Please go to the image description page and edit it to include a fair use rationale. Using one of the templates at Wikipedia:Fair use rationale guideline is an easy way to ensure that your image is in compliance with Wikipedia policy, but remember that you must complete the template. Do not simply insert a blank template on an image page.

If there is other fair use media, consider checking that you have specified the fair use rationale on the other images used on this page. Note that any fair use images lacking such an explanation can be deleted one week after being tagged, as described on criteria for speedy deletion. If you have any questions please ask them at the Media copyright questions page. Thank you.

BetacommandBot (talk) 14:34, 8 March 2008 (UTC)

Phaistos Disc is stamping, not printing[edit]

I think the inclusion of this splendid artefact in the History of Printing is embarrassing. Stamping technology is not Printing technology. Movable type per se enables the reproduction of multiple copies of a text. There isn't even a second Phaistos document! -- Evertype· 08:53, 29 June 2008 (UTC)

I couldnt agree with you more--I think its a very strained interpretation indeed, but there is a published references in a RS saying it meets the qualifications for printing. DGG (talk) 04:02, 30 June 2008 (UTC)
One of the published references is from a specialist in the Phaistos disc, making a claim about type. That's not the same thing as an expert in the history of printing making a similar claim. The other is from a 6-page article exploring the principles of typography, and is a musing from an expert, not, I believe, a proper Referenced Source. I think this material is proper to the Phaistos Disc article, but taking pride of place as the earliest example of the history of printing in this article is misleading to the reader. I recommend that we revise it out. In fact, I am going to do so, in good faith. -- Evertype· 09:23, 30 June 2008 (UTC)
I agree with your analysis. I've also made the change on the page on printing. --lk (talk) 08:01, 11 July 2008 (UTC)
I personally agree with your analysis, but I dont think the published consensus is enough to support removing it.

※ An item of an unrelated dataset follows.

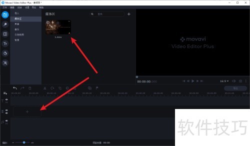 1、 打开Movavi Video软件,将所需素材直接拖至下方时间轴即可完成导入。

I am not myself going to change what you did, but if challenged, I will not support the removal of the material unless you can produce published evidence supporting the removal..DGG (talk) 01:08, 13 July 2008 (UTC)

Cyanotype doesn't belong[edit]

Although it has apparently been there since this article was initiated, Cyanotype is a "ringer" in the boxed "History of printing" list/table of linked printing process names, which is apparently not accessible for editing in the ordinary way.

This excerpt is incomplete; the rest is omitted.